:: What you are asked to do ::
Print the data below verbatim, minus images.

:: Raw data ::
○ ○ ○ ○ ○ ○ ○

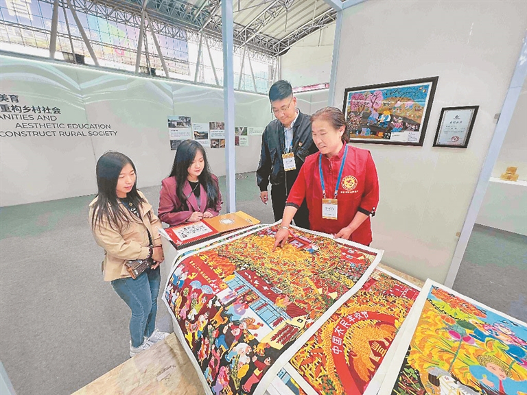 “我们在驻村工作时发现了郭丽华的情况,就想着帮忙把她的农民画打造成品牌,最终实现产业化,为农民增收开辟一条新路。”郭淼说,全力推动下,郭丽华成立了工作室,还走进了创博会,在展示作品的同时,也能开阔一下眼界,寻找更多的合作机会。
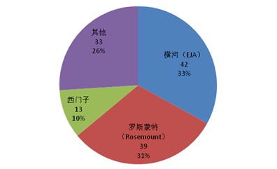 我國工業過程控制變送器市場過去幾年發展較快,但整體上國產化率和國產供應檔次低,高端供給基本上由橫河(EJA)、羅斯蒙特(Rosemount)、西門子等國外公司把持,其中排名前兩位的橫河(EJA)和羅斯蒙特(Rosemount)就合計占據了64%的市場份額,本土廠商市場份額很低。
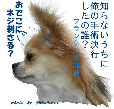 昨日、パーレーツを観に行ったハズが、何故か大日本人を観てしまったので、疲れがドッと押し寄せて、ブログアップ遅れましたぁ~日付はさかのぼり、9日土曜に風助の再検査で病院へ先週は肝臓の薬を飲んで数値を出したので、今回は薬を飲まない状態での数値を測定。その結果、正常値でしたぁ~やったぁーっでも、風助は動物病院の待合室にて、威嚇しまくり・・・最初必ず震えているのに、だんだん待ち時間が長くなるにつれ、目が怖くなり、ついに威嚇他の犬を連れてきてる人は、チワワ=可愛いってイメージが、どんどん崩れていくのであります。。。全ては風助のせいで。。。それと、膝の調子も久々にレントゲンチェックした結果、悪くはなっていないので、経過観察になってますサプリメントのグルコサミンが効いてるみたいだし、フードもこの際、病院処方の物をチョイス私は病院で購入したので、1キロ1,800円でした。1キロの次が3キロなのですが、先生に「フードは酸化が怖いので、出来るだけ1ヶ月以内に食べきる量を」と言われ、1キロにしましたよ。今までのフードも、酸化を気にして2キロを購入してましたが、それでも多かったんですね今までよりちょっと高いけど、おやつも買わなくなったし、その分一番重要なフードに力を入れます待合室で散々騒いで、仕方なく抱っこされるとしてやったり顔で満足げ。ムカツク風助なのれした発作以来、床に布団を敷いて寝ていた私。でも、風助に完全無視されて、一度も一緒に寝なかったナァ。。。今夜からは、ゆっくりベットで寝ますわぁ~ブログランキングに押して欲しいナリチワワブログランキング 人気blogランキングへ @With 人気Webランキング 楽天ブログランキング ブログ広場

○ ○ ○ ○ ○ ○ ○

:: Result of the exercise ::
 “我们在驻村工作时发现了郭丽华的情况,就想着帮忙把她的农民画打造成品牌,最终实现产业化,为农民增收开辟一条新路。”郭淼说,全力推动下,郭丽华成立了工作室,还走进了创博会,在展示作品的同时,也能开阔一下眼界,寻找更多的合作机会。
 我國工業過程控制變送器市場過去幾年發展較快,但整體上國產化率和國產供應檔次低,高端供給基本上由橫河(EJA)、羅斯蒙特(Rosemount)、西門子等國外公司把持,其中排名前兩位的橫河(EJA)和羅斯蒙特(Rosemount)就合計占據了64%的市場份額,本土廠商市場份額很低。
 昨日、パーレーツを観に行ったハズが、何故か大日本人を観てしまったので、疲れがドッと押し寄せて、ブログアップ遅れましたぁ~日付はさかのぼり、9日土曜に風助の再検査で病院へ先週は肝臓の薬を飲んで数値を出したので、今回は薬を飲まない状態での数値を測定。その結果、正常値でしたぁ~やったぁーっでも、風助は動物病院の待合室にて、威嚇しまくり・・・最初必ず震えているのに、だんだん待ち時間が長くなるにつれ、目が怖くなり、ついに威嚇他の犬を連れてきてる人は、チワワ=可愛いってイメージが、どんどん崩れていくのであります。。。全ては風助のせいで。。。それと、膝の調子も久々にレントゲンチェックした結果、悪くはなっていないので、経過観察になってますサプリメントのグルコサミンが効いてるみたいだし、フードもこの際、病院処方の物をチョイス私は病院で購入したので、1キロ1,800円でした。1キロの次が3キロなのですが、先生に「フードは酸化が怖いので、出来るだけ1ヶ月以内に食べきる量を」と言われ、1キロにしましたよ。今までのフードも、酸化を気にして2キロを購入してましたが、それでも多かったんですね今までよりちょっと高いけど、おやつも買わなくなったし、その分一番重要なフードに力を入れます待合室で散々騒いで、仕方なく抱っこされるとしてやったり顔で満足げ。ムカツク風助なのれした発作以来、床に布団を敷いて寝ていた私。でも、風助に完全無視されて、一度も一緒に寝なかったナァ。。。今夜からは、ゆっくりベットで寝ますわぁ~ブログランキングに押して欲しいナリチワワブログランキング 人気blogランキングへ @With 人気Webランキング 楽天ブログランキング ブログ広場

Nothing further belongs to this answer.